Nowadays, containers are taking over the world. We still have big systems, legacy system and, obviously, not every company out there has enough speed to migrate to containerized solutions but, wherever you look, people are talking about containers.

And, if you look in the opposite direction, people are talking about security. Breaches, vulnerabilities, systems not properly patched, all kind of problems that put at risk enterprise security and users data.

With all of this, and it is not new, projects involving both topics have been growing and growing. The ecosystem is huge, and the amount of options is starting to be overwhelming.

We have projects like:

  • Docker Bench for Security: The Docker Bench for Security is a script that checks for dozens of common best-practices around deploying Docker containers in production. The tests are all automated and are inspired by the CIS Docker Benchmark v1.2.0.
  • Clair: Clair is an open-source project for the static analysis of vulnerabilities in application containers (currently including apps and docker).
  • Cilium: Cilium is open source software for providing and transparently securing network connectivity and load-balancing between application workloads such as application containers or processes. Cilium operates at Layer 3/4 to provide traditional networking and security services as well as Layer 7 to protect and secure use of modern application protocols such as HTTP, gRPC and Kafka. Cilium is integrated into common orchestration frameworks such as Kubernetes and Mesos.
  • Anchore Engine: The Anchore Engine is an open-source project that provides a centralized service for inspection, analysis and certification of container images. The Anchore Engine is provided as a Docker container image that can be run standalone or within an orchestration platform such as Kubernetes, Docker Swarm, Rancher, Amazon ECS, and other container orchestration platforms.
  • OpenSCAP: The OpenSCAP ecosystem provides multiple tools to assist administrators and auditors with assessment, measurement, and enforcement of security baselines. We maintain great flexibility and interoperability, reducing the costs of performing security audits.
  • Dagda: Dagda is a tool to perform static analysis of known vulnerabilities, trojans, viruses, malware & other malicious threats in docker images/containers and to monitor the docker daemon and running docker containers for detecting anomalous activities.
  • Notary: The Notary project comprises a server and a client for running and interacting with trusted collections. See the service architecture documentation for more information.
  • Grafaes: An open artefact metadata API to audit and govern your software supply chain.
  • Sysdig Falco: Falco is a behavioural activity monitor designed to detect anomalous activity in your applications. Powered by sysdig’s system call capture infrastructure, Falco lets you continuously monitor and detect container, application, host, and network activity – all in one place – from one source of data, with one set of rules.
  • Banyan Collector: Banyan Collector is a light-weight, easy to use, and modular system that allows you to launch containers from a registry, run arbitrary scripts inside them, and gather useful information.

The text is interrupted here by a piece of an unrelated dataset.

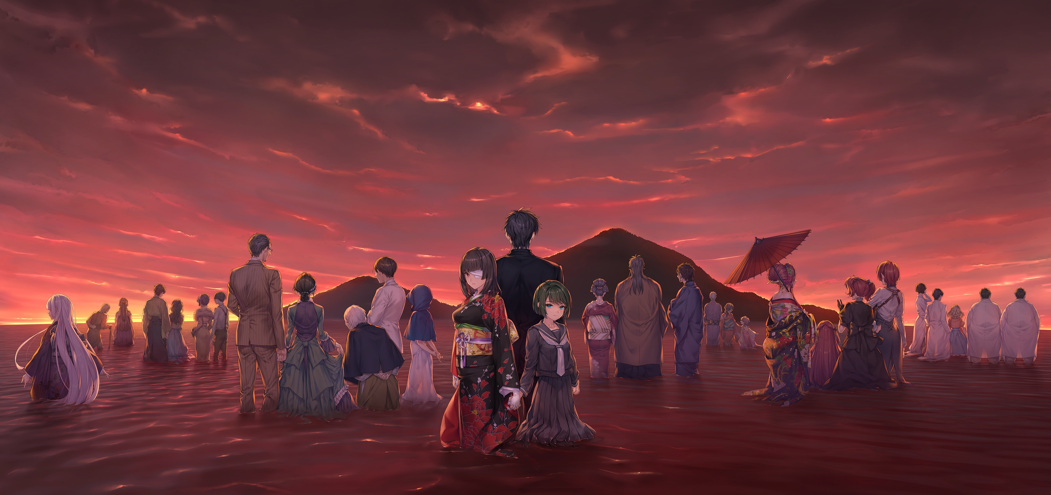 6+boys 6+girls absurdres black_hair cloud cloudy_sky dress dusk everyone eyepatch formal_clothes futara_mirei futara_ryuuichi futara_ryuuken futara_ryuusei futara_touko gosha_kanji gosha_shizuku green_hair grey_hair highres hime_cut horizon ichikura_madoka ichikura_sen ichikura_touri japanese_clothes kaguyuzu kazui_kouichi kazui_kouji kazui_koyuki kazui_mariko kazui_yukio kimono kuryo_nozomi long_hair mountain multiple_boys multiple_girls nie_no_hakoniwa non-web_source obi ocean official_art oil-paper_umbrella print_kimono red_hair rikugou_sanae rikugou_suzune rikugou_touichirou rikugou_touta saegusa_houka saegusa_renge saegusa_rinka saegusa_touka sash scenery school_uniform serafuku shiki_dougen shiki_kyoko shiki_yorimichi shiki_yukiko sky suit umbrella wading water yasaka_io yasaka_kurou

As we can see, there are multiple tools within this container security scope. These are just some example.

In this article, we are going to explore a bit more Archore Engine. We are going to create a basic Jenkins pipeline to scan one container. Fro this, we are going to need:

  • A repository in GitHub with a simple dockerized project. In my case, I will be using this one. It’s a simple Spring Boot app with a hello endpoint and a very simple ‘Dockerfile’.
  • We are going to need a Docker Hub repository to store our image. I will be using this one.
  • Docker and docker-compose.

And, that’s all. Let’s go.

We can see in the next image the pipeline we are going to implement:

Install Anchore Engine

We just need to execute a few commands to have Anchore Engine up and running.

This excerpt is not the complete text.